Lower down are entries containing pictures. Copy exactly, without those pictures, the lines from the line with "HM22-61-05 Сетевой фильтр" through the line with "Скайрим, случайные встречи".

**Data to use:**
[Start of Attachment]

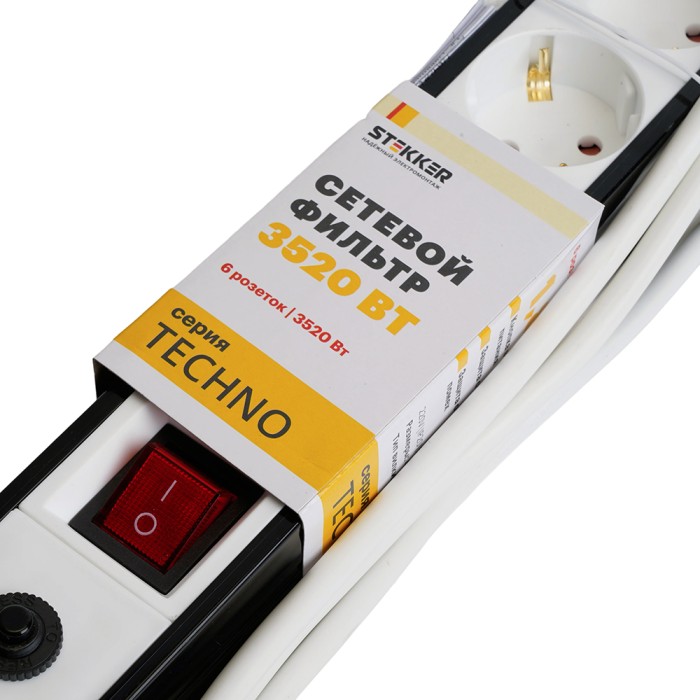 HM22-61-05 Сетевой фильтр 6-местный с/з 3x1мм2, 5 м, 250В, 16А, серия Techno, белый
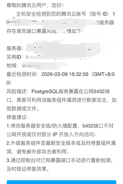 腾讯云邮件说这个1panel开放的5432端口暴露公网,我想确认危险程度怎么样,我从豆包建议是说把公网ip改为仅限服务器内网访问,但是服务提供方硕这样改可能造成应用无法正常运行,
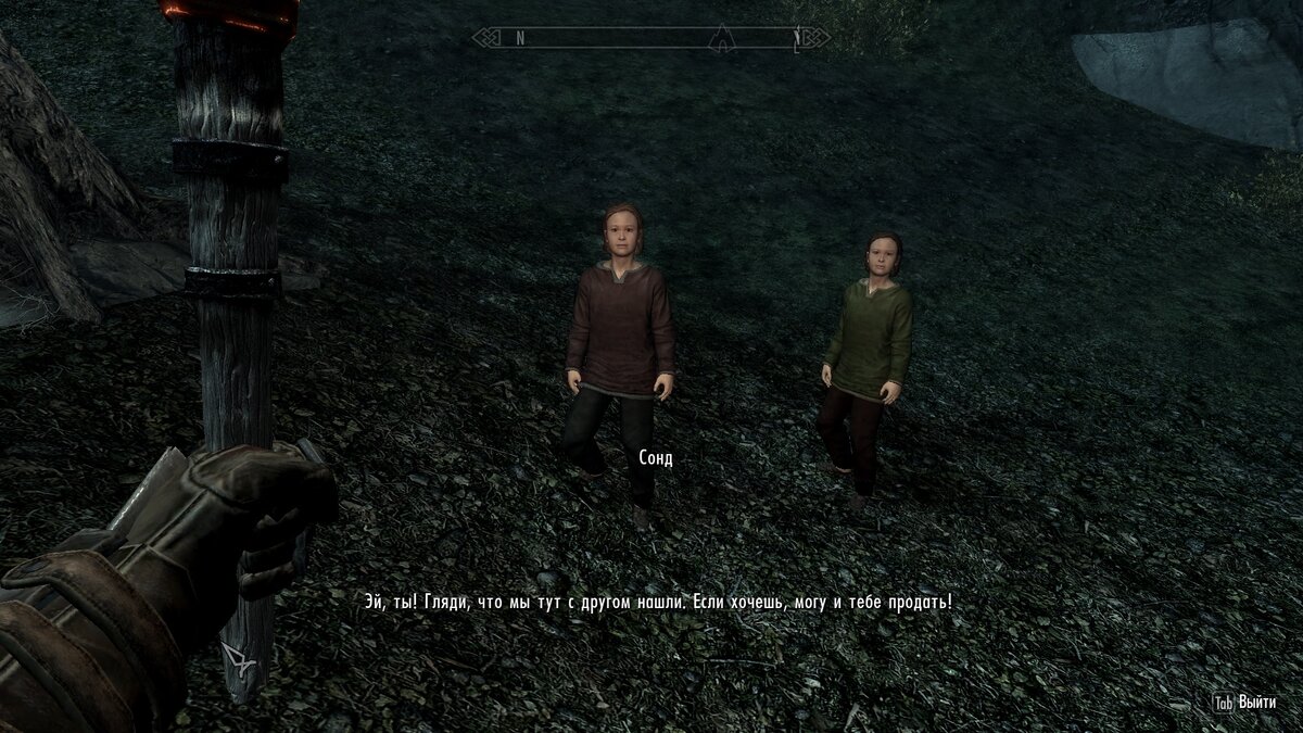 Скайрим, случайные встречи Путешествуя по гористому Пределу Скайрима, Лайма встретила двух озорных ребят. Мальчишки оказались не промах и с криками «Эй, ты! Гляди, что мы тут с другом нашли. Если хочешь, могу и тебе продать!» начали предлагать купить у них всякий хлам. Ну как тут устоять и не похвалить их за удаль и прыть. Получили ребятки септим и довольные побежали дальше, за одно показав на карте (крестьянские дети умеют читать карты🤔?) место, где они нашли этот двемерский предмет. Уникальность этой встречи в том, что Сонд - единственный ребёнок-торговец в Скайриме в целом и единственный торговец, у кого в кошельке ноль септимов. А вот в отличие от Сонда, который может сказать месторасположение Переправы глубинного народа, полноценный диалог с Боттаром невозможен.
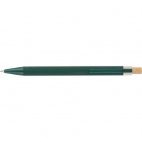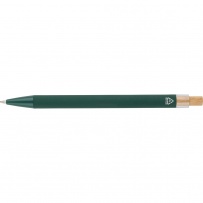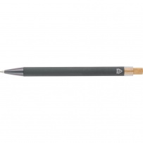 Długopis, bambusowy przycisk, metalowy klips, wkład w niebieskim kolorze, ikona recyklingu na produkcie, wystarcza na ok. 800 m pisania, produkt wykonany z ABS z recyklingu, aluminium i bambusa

[End of Attachment]
[Start of Attachment]

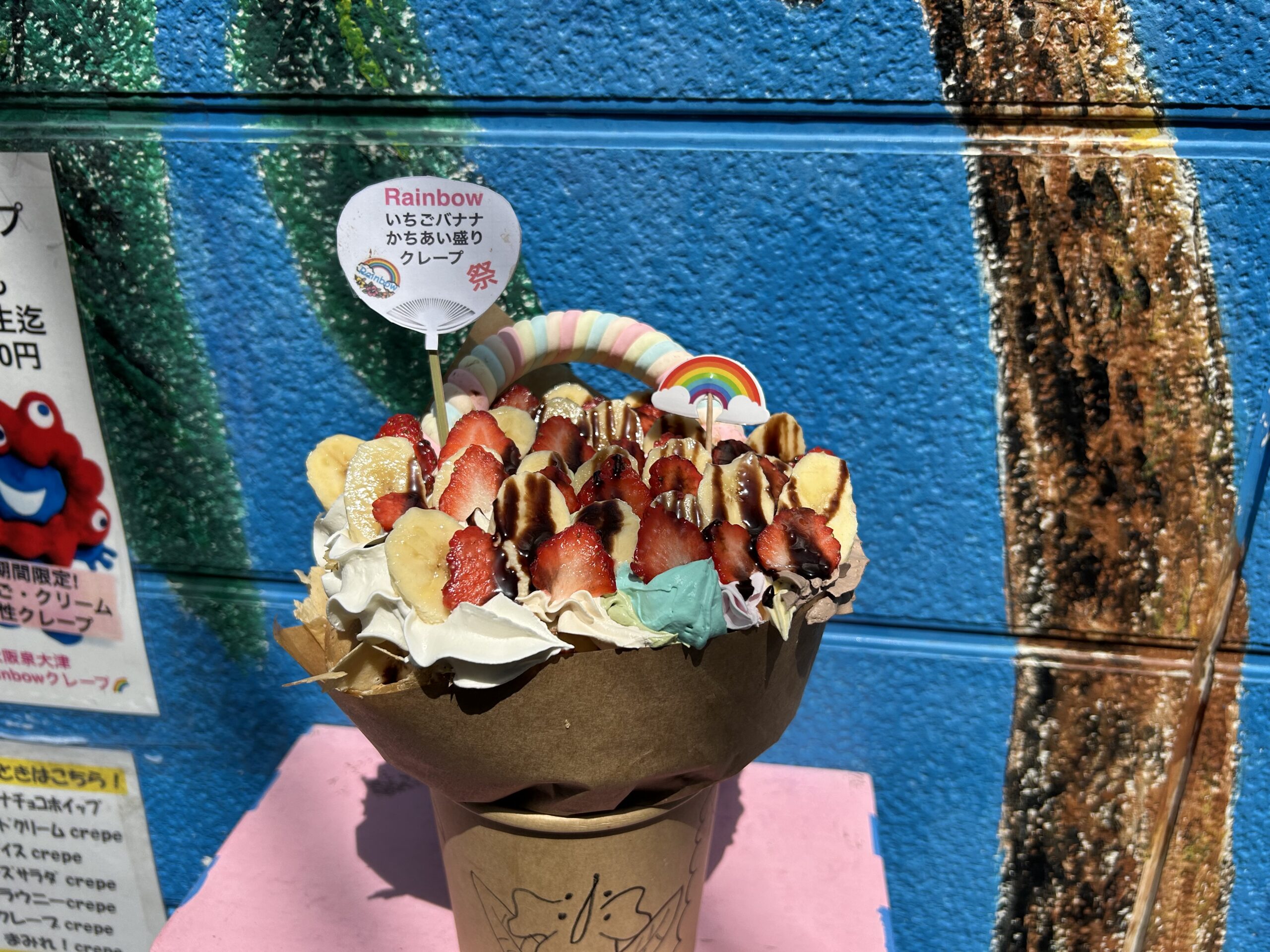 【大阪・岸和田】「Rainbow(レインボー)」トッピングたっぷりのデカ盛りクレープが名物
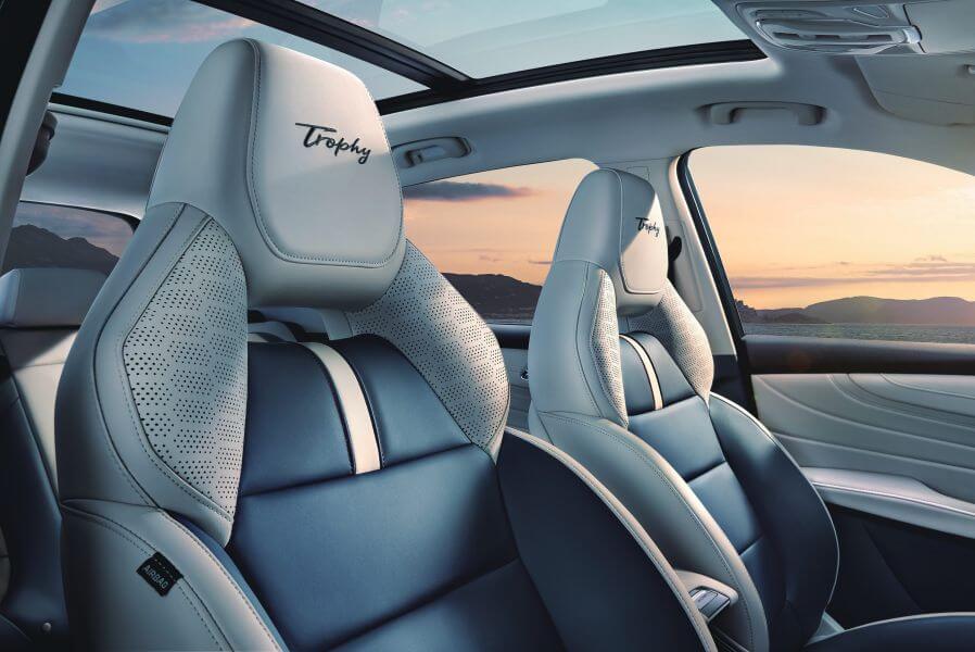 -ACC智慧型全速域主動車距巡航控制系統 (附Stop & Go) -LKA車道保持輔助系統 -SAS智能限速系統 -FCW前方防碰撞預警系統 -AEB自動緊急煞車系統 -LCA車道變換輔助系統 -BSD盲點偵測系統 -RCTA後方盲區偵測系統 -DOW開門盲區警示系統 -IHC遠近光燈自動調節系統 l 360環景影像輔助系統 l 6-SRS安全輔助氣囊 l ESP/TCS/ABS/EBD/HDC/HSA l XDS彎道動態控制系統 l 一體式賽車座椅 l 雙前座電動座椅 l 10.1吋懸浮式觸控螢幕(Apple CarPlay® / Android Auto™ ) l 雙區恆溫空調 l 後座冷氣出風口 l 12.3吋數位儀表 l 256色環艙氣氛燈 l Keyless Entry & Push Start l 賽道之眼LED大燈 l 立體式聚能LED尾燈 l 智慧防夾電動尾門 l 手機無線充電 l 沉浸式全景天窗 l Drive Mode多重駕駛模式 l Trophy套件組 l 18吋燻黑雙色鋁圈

[End of Attachment]

**Completed task:**
 HM22-61-05 Сетевой фильтр 6-местный с/з 3x1мм2, 5 м, 250В, 16А, серия Techno, белый
 腾讯云邮件说这个1panel开放的5432端口暴露公网,我想确认危险程度怎么样,我从豆包建议是说把公网ip改为仅限服务器内网访问,但是服务提供方硕这样改可能造成应用无法正常运行,
 Скайрим, случайные встречи Путешествуя по гористому Пределу Скайрима, Лайма встретила двух озорных ребят. Мальчишки оказались не промах и с криками «Эй, ты! Гляди, что мы тут с другом нашли. Если хочешь, могу и тебе продать!» начали предлагать купить у них всякий хлам. Ну как тут устоять и не похвалить их за удаль и прыть. Получили ребятки септим и довольные побежали дальше, за одно показав на карте (крестьянские дети умеют читать карты🤔?) место, где они нашли этот двемерский предмет. Уникальность этой встречи в том, что Сонд - единственный ребёнок-торговец в Скайриме в целом и единственный торговец, у кого в кошельке ноль септимов. А вот в отличие от Сонда, который может сказать месторасположение Переправы глубинного народа, полноценный диалог с Боттаром невозможен.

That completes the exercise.